- **What is needed**: Restate exactly the lines of the entries below, beginning with the first and ending with the line that holds "The Keysight 85056KE02". Pictures are not copied.

————————

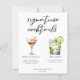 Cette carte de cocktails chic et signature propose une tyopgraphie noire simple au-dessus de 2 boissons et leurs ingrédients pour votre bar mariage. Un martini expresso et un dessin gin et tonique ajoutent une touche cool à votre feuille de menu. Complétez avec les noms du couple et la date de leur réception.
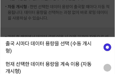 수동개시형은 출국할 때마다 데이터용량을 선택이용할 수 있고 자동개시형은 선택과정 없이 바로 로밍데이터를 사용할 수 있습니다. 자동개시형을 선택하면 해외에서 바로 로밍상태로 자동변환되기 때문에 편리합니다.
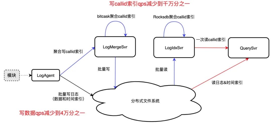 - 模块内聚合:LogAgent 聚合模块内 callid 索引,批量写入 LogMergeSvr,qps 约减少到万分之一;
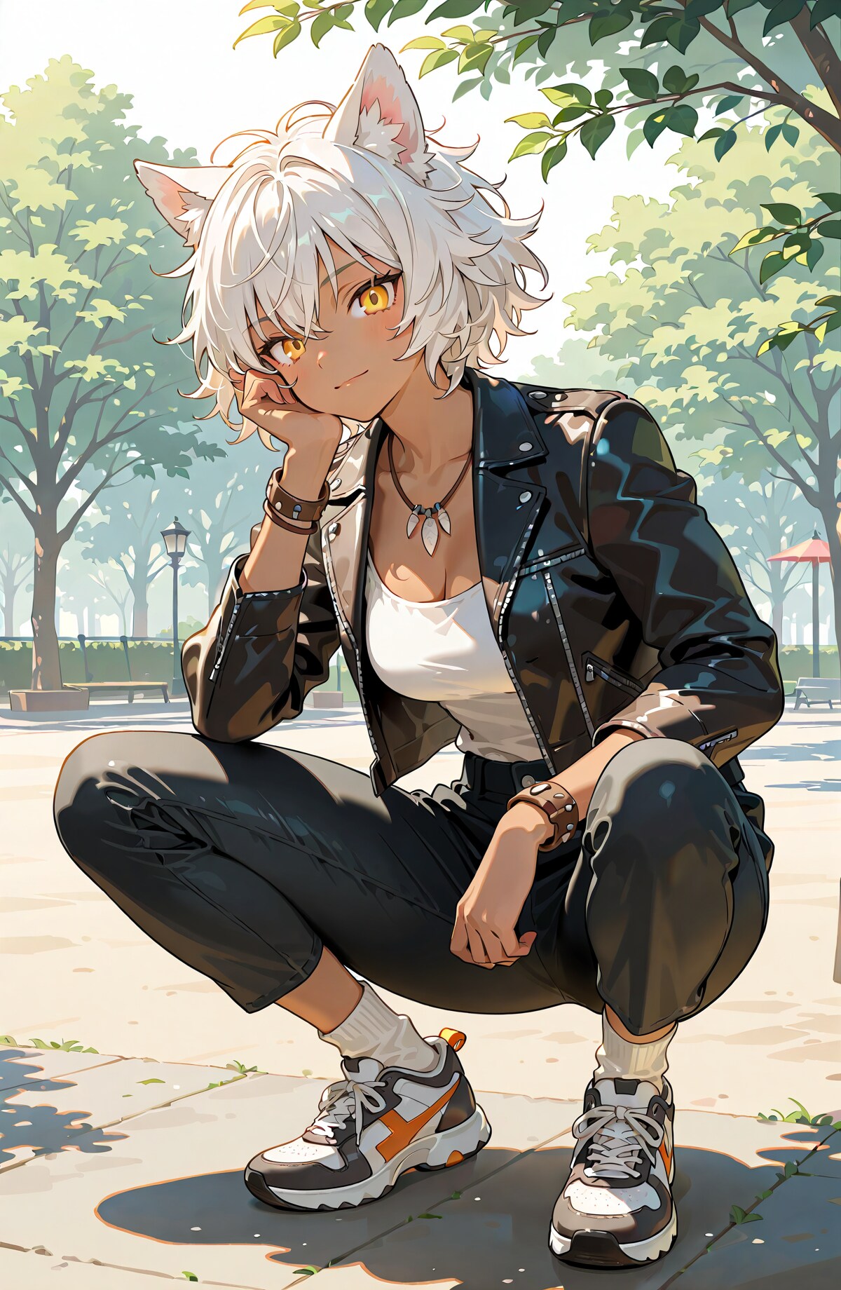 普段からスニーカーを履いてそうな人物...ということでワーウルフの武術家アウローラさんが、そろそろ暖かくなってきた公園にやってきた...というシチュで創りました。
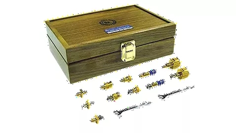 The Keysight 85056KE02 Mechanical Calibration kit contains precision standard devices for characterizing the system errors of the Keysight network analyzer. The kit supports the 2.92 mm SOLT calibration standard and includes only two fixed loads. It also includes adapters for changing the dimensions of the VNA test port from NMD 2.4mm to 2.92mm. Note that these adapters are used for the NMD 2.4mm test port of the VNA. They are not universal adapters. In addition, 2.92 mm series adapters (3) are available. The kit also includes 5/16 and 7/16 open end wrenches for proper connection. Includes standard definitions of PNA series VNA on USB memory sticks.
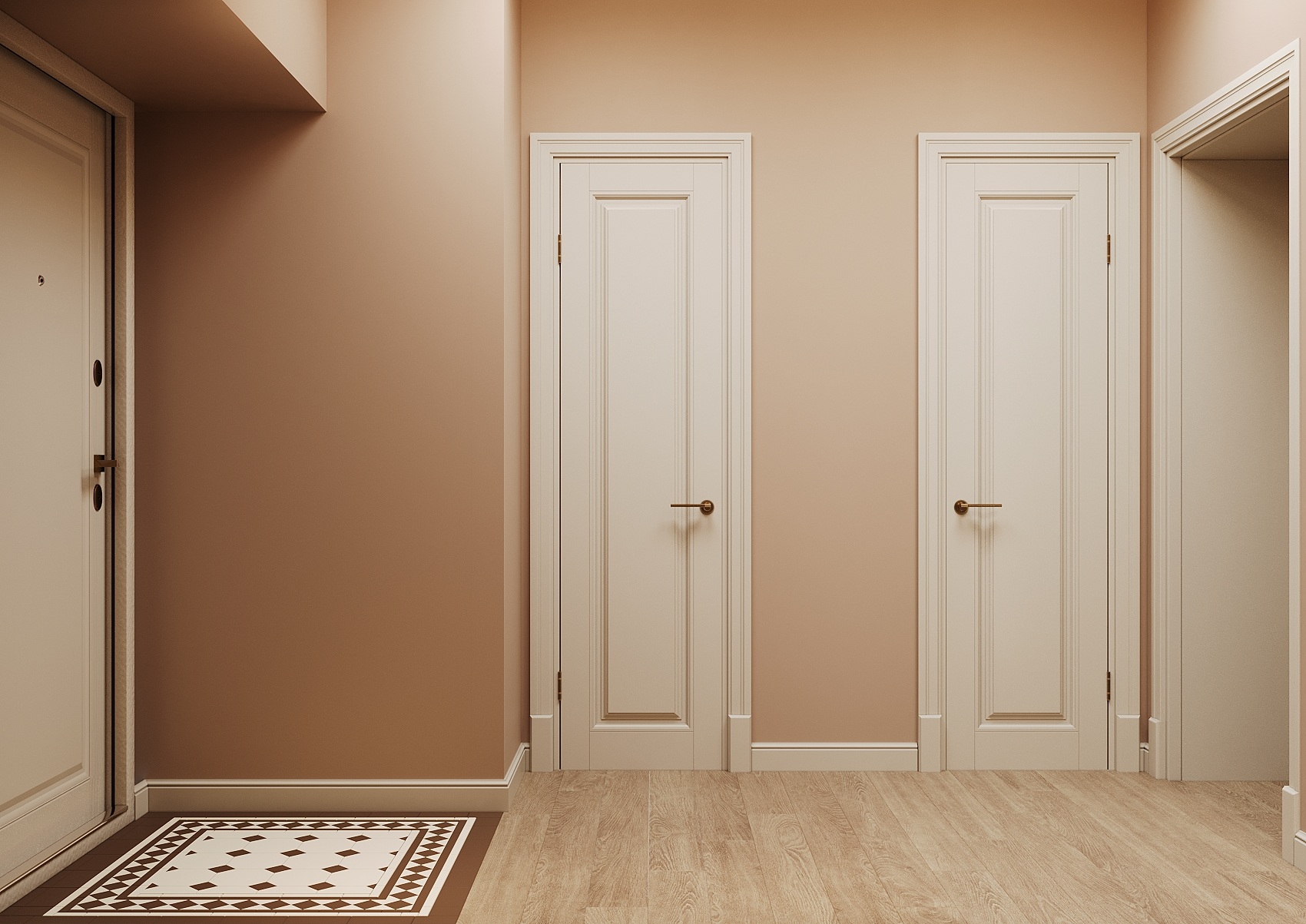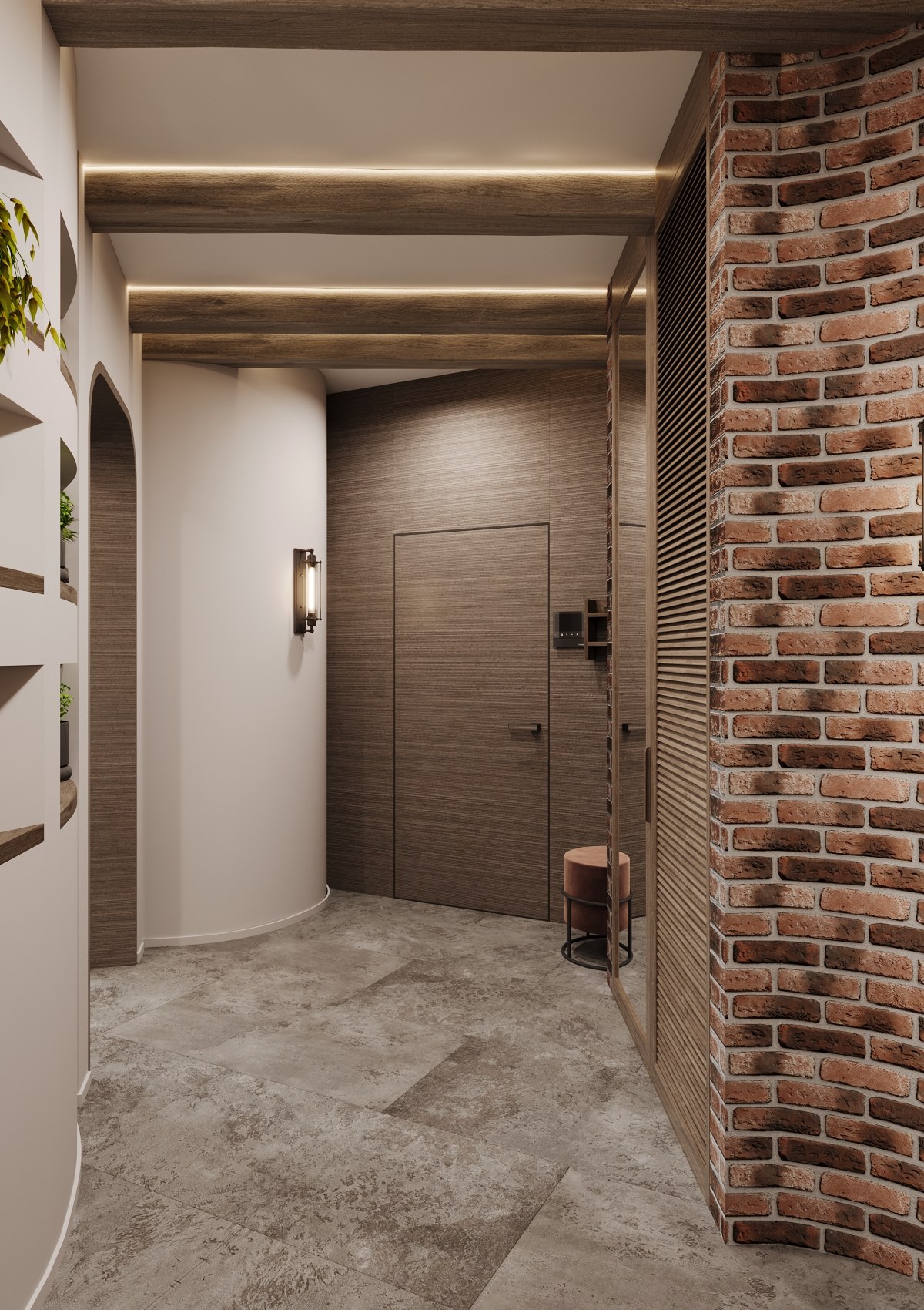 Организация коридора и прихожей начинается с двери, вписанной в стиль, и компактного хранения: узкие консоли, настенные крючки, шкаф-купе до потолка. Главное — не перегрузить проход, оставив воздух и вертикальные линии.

————————

- **Completed exercise**:
 Cette carte de cocktails chic et signature propose une tyopgraphie noire simple au-dessus de 2 boissons et leurs ingrédients pour votre bar mariage. Un martini expresso et un dessin gin et tonique ajoutent une touche cool à votre feuille de menu. Complétez avec les noms du couple et la date de leur réception.
 수동개시형은 출국할 때마다 데이터용량을 선택이용할 수 있고 자동개시형은 선택과정 없이 바로 로밍데이터를 사용할 수 있습니다. 자동개시형을 선택하면 해외에서 바로 로밍상태로 자동변환되기 때문에 편리합니다.
 - 模块内聚合:LogAgent 聚合模块内 callid 索引,批量写入 LogMergeSvr,qps 约减少到万分之一;
 普段からスニーカーを履いてそうな人物...ということでワーウルフの武術家アウローラさんが、そろそろ暖かくなってきた公園にやってきた...というシチュで創りました。
 The Keysight 85056KE02 Mechanical Calibration kit contains precision standard devices for characterizing the system errors of the Keysight network analyzer. The kit supports the 2.92 mm SOLT calibration standard and includes only two fixed loads. It also includes adapters for changing the dimensions of the VNA test port from NMD 2.4mm to 2.92mm. Note that these adapters are used for the NMD 2.4mm test port of the VNA. They are not universal adapters. In addition, 2.92 mm series adapters (3) are available. The kit also includes 5/16 and 7/16 open end wrenches for proper connection. Includes standard definitions of PNA series VNA on USB memory sticks.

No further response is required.